[PROBLEM]
In the listing below, locate the line with "为了培育和践行社会主义核心价" and the line with "Bộ bát đĩa gốm", then output both and everything between them exactly, minus any pictures.

(SUPPLIED MATERIAL Opens)

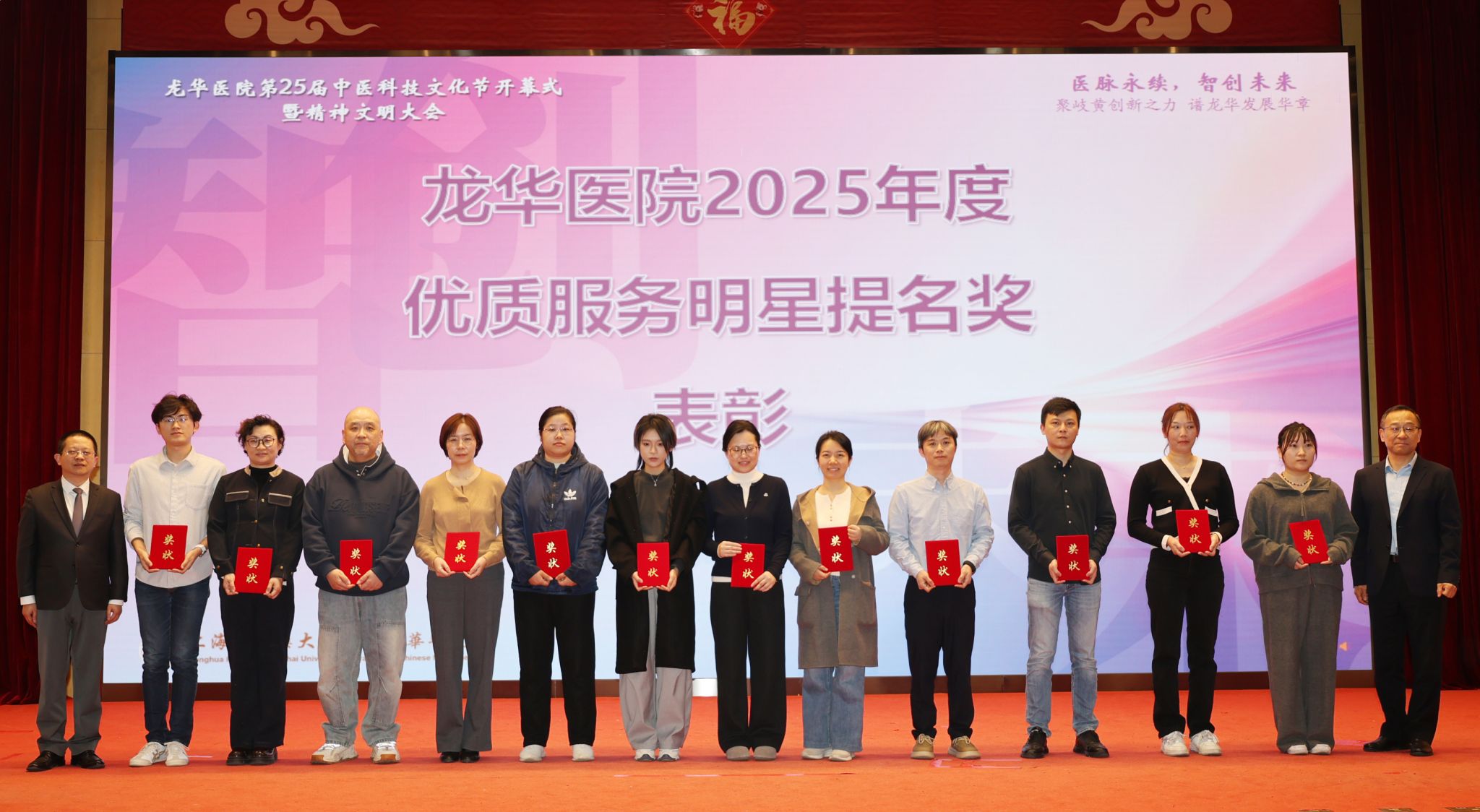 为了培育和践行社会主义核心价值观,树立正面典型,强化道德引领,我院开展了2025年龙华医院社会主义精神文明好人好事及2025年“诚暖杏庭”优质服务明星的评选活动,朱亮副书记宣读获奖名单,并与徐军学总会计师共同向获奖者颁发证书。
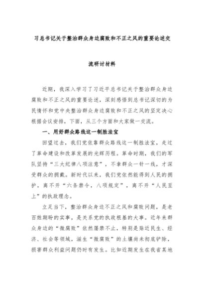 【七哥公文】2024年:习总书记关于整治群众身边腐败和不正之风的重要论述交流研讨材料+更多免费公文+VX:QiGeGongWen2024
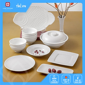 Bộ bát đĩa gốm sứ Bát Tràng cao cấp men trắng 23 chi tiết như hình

(SUPPLIED MATERIAL Closes)
(SUPPLIED MATERIAL Opens)

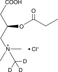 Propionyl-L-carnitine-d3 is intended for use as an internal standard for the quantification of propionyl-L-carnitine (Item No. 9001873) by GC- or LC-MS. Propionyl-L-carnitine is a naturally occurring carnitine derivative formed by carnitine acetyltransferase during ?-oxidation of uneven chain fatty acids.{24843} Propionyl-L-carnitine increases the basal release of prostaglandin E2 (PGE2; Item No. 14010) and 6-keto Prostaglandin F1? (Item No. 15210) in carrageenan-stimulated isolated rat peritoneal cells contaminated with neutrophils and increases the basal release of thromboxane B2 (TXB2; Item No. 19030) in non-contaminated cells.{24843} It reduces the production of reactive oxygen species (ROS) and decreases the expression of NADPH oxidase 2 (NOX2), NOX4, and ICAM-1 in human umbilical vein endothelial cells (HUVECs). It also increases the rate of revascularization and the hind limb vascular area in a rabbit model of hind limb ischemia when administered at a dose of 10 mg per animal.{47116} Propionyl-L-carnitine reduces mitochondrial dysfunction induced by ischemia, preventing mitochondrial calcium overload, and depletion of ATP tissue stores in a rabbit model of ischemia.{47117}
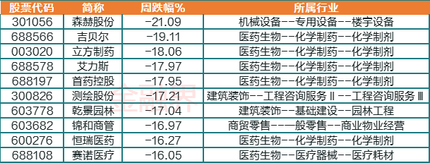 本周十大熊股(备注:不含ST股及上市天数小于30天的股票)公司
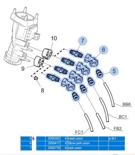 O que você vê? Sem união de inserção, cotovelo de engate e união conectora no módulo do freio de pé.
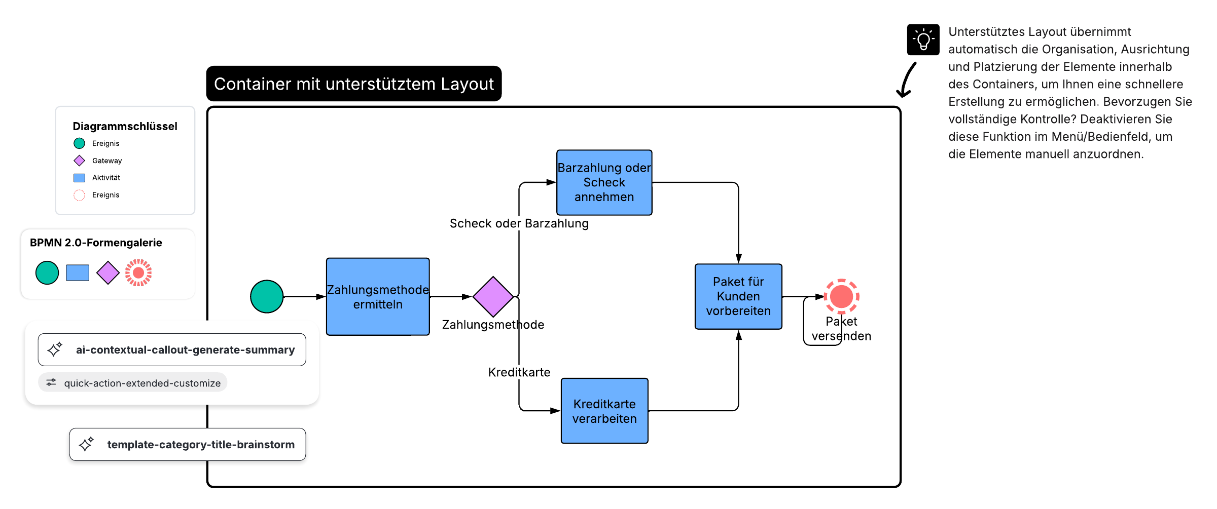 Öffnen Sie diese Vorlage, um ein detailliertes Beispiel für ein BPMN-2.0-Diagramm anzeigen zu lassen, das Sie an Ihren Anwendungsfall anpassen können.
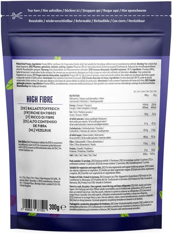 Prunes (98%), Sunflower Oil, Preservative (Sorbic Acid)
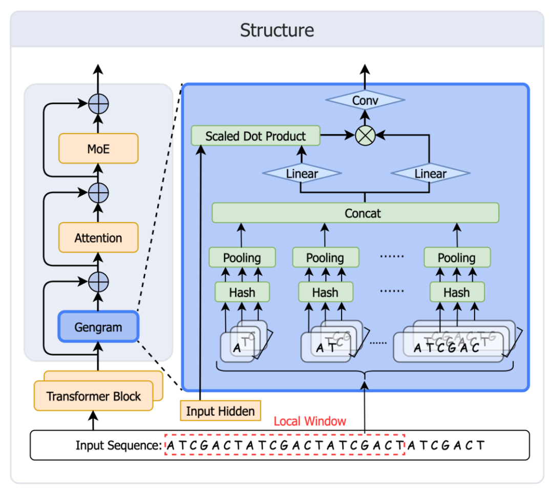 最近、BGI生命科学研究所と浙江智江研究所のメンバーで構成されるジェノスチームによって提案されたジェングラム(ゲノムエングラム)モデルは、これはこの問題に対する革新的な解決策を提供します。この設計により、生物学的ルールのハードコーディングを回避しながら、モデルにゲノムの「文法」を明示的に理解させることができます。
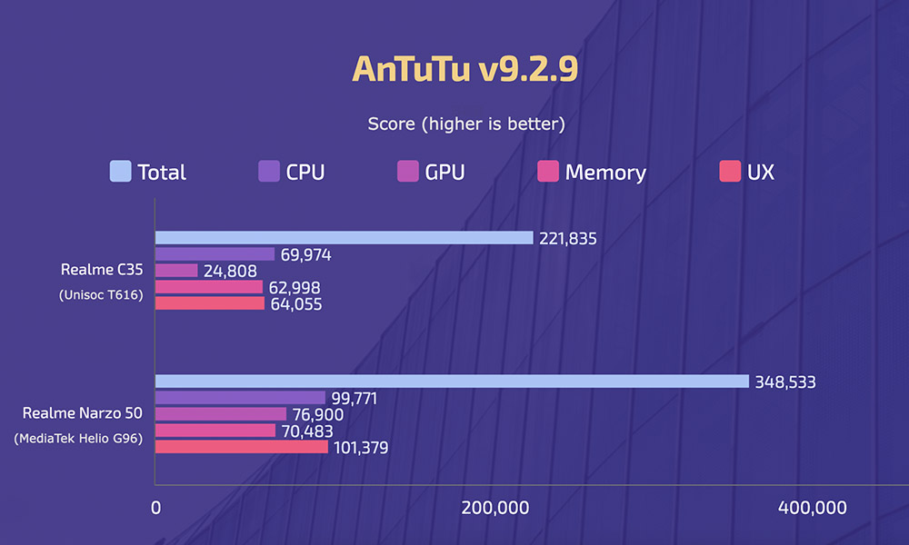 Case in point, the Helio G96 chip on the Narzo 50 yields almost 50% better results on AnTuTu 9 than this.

(SUPPLIED MATERIAL Closes)

[TASK OUTPUT]
 为了培育和践行社会主义核心价值观,树立正面典型,强化道德引领,我院开展了2025年龙华医院社会主义精神文明好人好事及2025年“诚暖杏庭”优质服务明星的评选活动,朱亮副书记宣读获奖名单,并与徐军学总会计师共同向获奖者颁发证书。
 【七哥公文】2024年:习总书记关于整治群众身边腐败和不正之风的重要论述交流研讨材料+更多免费公文+VX:QiGeGongWen2024
 Bộ bát đĩa gốm sứ Bát Tràng cao cấp men trắng 23 chi tiết như hình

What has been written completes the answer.